8. JOHN MILTON (1608-1674), the second greatest name in English poetry, and the greatest of all our epic poets, was born in Bread Street, Cheapside, London, in the year 1608-five years after the accession of James I. to the throne, and eight years before the death of Shakespeare. He was educated at St Paul's School, and then at Christ's College, Cambridge. He was so handsome-with a delicate complexion, clear blue eyes, and light-brown hair flowing down his shoulders that he was known as the "Lady of Christ's." He was destined for the Church; but, being early seized with a strong desire to compose a great poetical work which should bring honour to his country and to the English tongue, he gave up all idea of becoming a clergyman. Filled with his secret purpose, he retired to Horton, in Buckinghamshire, where his father had bought a small country seat. Between the years 1632 and 1638 he studied all the best Greek and Latin authors, mathematics, and science; and he also wrote L'Allegro and Il Penseroso, Comus, Lycidas, and some shorter poems. These were preludes, or exercises, towards the great poetical work which it was the mission of his life to produce. In 1638-39 he took a journey to the Continent. Most of his time was spent in Italy; and, when in Florence, he paid a visit to Galileo in prison. It had been his intention to go on to Greece; but the troubled state of politics at home brought him back sooner than he wished. The next ten years of his life were engaged in teaching and in writing his prose works. His ideas on teaching are to be found in his Tractate on Education. The most eloquent of his prose-works is his Areopagitica, a Speech for the Liberty of Unlicensed Printing (1644)—a plea for the freedom of the press, for relieving all writings from the criticism of censors. In 1649the year of the execution of Charles I.-Milton was appointed Latin or Foreign Secretary to the Government of Oliver Cromwell; and for the next ten years his time was taken up with official work, and with writing prose-volumes in defence of the action of the

Republic. In 1660 the Restoration took place; and Milton was at length free, in his fifty-third year, to carry out his long-cherished scheme of writing a great Epic poem. He chose the subject of the fall and the restoration of man. Paradise Lost was completed in 1665; but, owing to the Plague and the Fire of London, it was not published till the year 1667. Milton's young Quaker friend, Ellwood, said to him one day: "Thou hast said much of Paradise Lost, what hast thou to say of Paradise Found?" Paradise Regained was the result a work which was written in 1666, and appeared, along with Samson Agonistes, in the year 1671. Milton died in the year 1674-about the middle of the reign of Charles II. He had been three times married.

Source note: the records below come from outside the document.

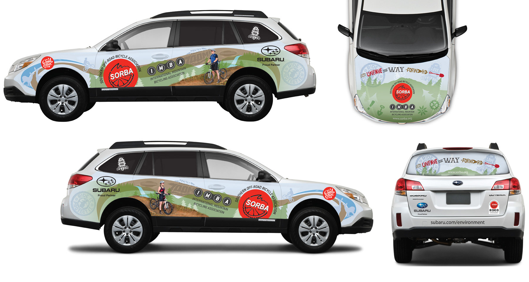 SORBA, The Southern Off-Road Bicycle Association, a regional chapter of IMBA, The International Mountain Biking Association, approached me to design a vehicle wrap for their Subaru sponsored car. The design incorporates visual elements of both organizations. In addition to the layout and design I also provided the photography of the riders.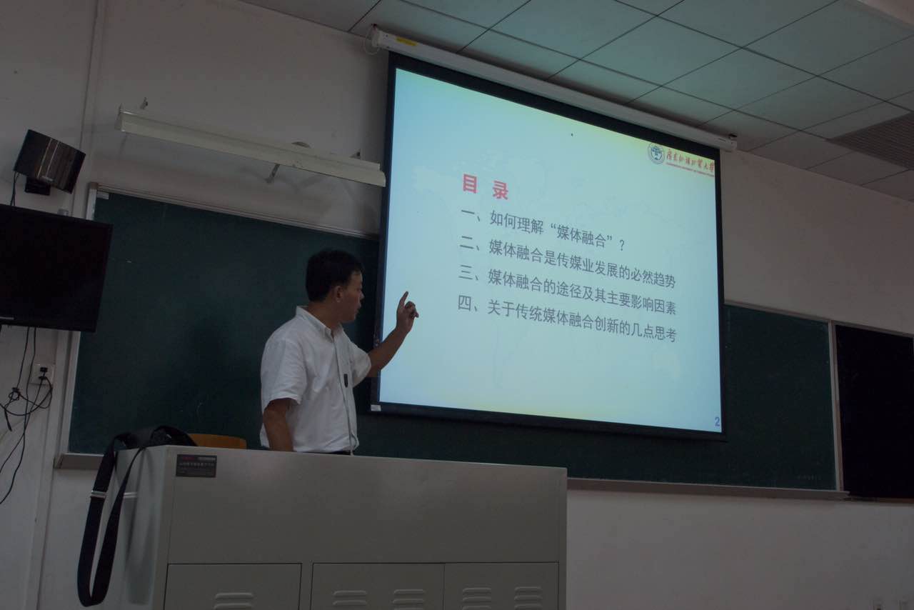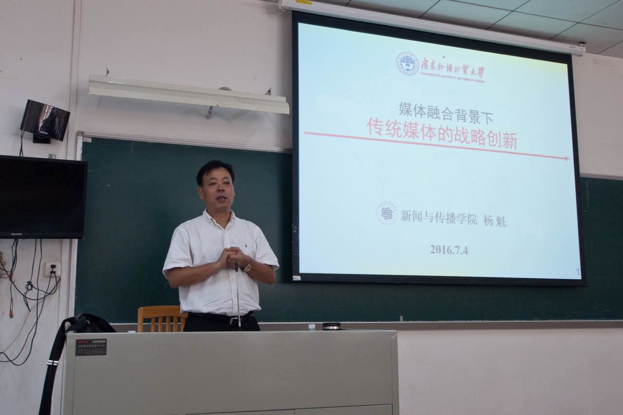 7月4号上午,广东外语外贸大学院长杨魁教授为校2016年全媒体与国际传播研究生暑期学校暨研究生学术论坛进行了第一讲,此次讲座的主题是“媒体融合背景下传统媒体的战略创新”。世界潮流,浩浩汤汤,顺之者昌,逆之者亡。媒体融合如何摆脱现有体制的束缚,实现体制机制的创新,是杨魁教授带领大家探讨的主要问题。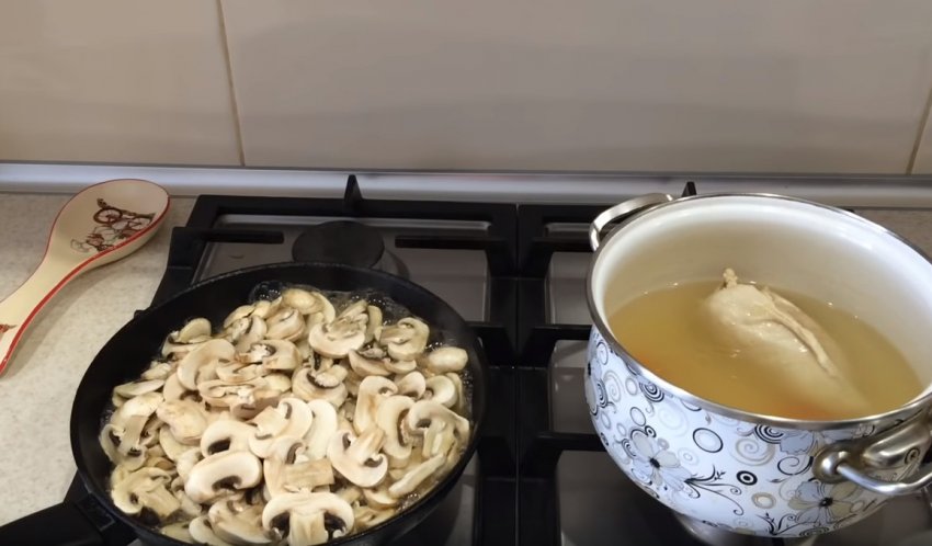 Нашаткувати печериці на середні шматочки і відправити смажитися на пательню без олії. Відварити куряче м'ясо в підсоленій воді зі шматочками моркви і цибулі.![]()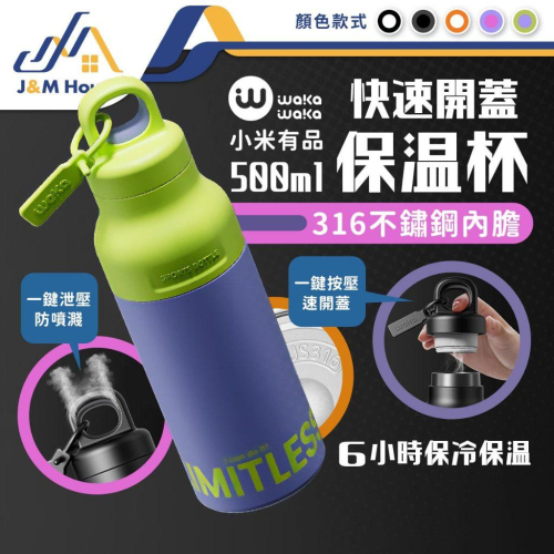 小米有品 waka保溫杯 316不銹鋼保溫杯 速開不銹鋼保溫瓶 500ml 保冷 保冰 運動水壺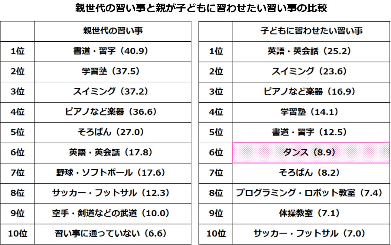 【小学生の習い事に関する意識調査】子どもに習わせたい習い事、「ダンス」が躍進。チャレンジ精神やコミュニケーション能力の向上に期待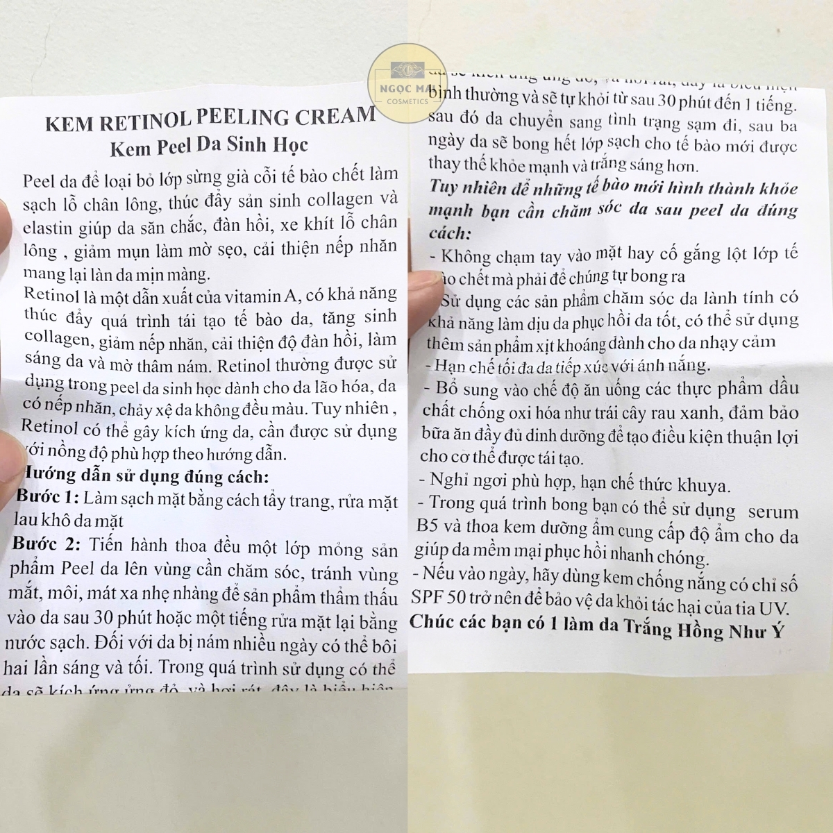 - Bước 2: Tiến hành thoa đều một lớp mỏng sản phẩm Peel da lên vùng cần chăm sóc, tránh vùng mắt, môi, mát xa nhẹ nhàng để sản phẩm thẩm thấu vào da sau 30 phút hoặc một tiếng rửa mặt lại bằng nước sạch. Đối với da bị nám nhiều ngày có thể bôi hai lần sáng và tối. Trong quá trình sử dụng có thể da sẽ kích ứng ửng đỏ và hơi rát, đây là biểu hiện bình thường và sẽ tự khỏi từ sau 30 phút đến 1 tiếng. sau đó da chuyển sang tình trạng sạm đi, sau ba ngày da sẽ bong hết lớp sạch cho tế bào mới được thay thế khỏe mạnh và trắng sáng hơn.

9. L'Allegro (or "The Cheerful Man") is a companion poem to Il Penseroso (or "The Meditative Man"). The poems present two contrasted views of the life of the student. They are written in an irregular kind of octosyllabic verse. The Comus-mostly in blank verse-is a lyrical drama; and Milton's work was accompanied by a musical composition by the then famous musician Henry Lawes. Lycidas—a poem in irregular rhymed verse-is a threnody on the death of Milton's young friend, Edward King, who was drowned in sailing from Chester to Dublin. This poem has been called "the. touchstone of taste;" the man who cannot admire it has no feeling for true poetry. The Paradise Lost is the story of how Satan was allowed to plot against the happiness of man; and how Adam and Eve fell through his designs. The style is the noblest in the English language; the music of the rhythm is lofty, involved, sustained, and sublime. "In reading 'Paradise Lost," says Mr Lowell, one has a feeling of spaciousness such as no other poet gives." Paradise Regained is, in fact, the story of the Temptation, and of Christ's triumph over the wiles of Satan. Wordsworth says: "Paradise Regained' is most perfect in execution of any written by Milton;" and Coleridge remarks that "it is in its kind the most perfect poem extant, though its kind may be inferior in interest." Samson Agonistes ("Samson in Struggle") is a drama, in highly irregular unrhymed verse, in which the poet sets forth his own unhappy fate

"Eyeless, in Gaza, at the mill with slaves."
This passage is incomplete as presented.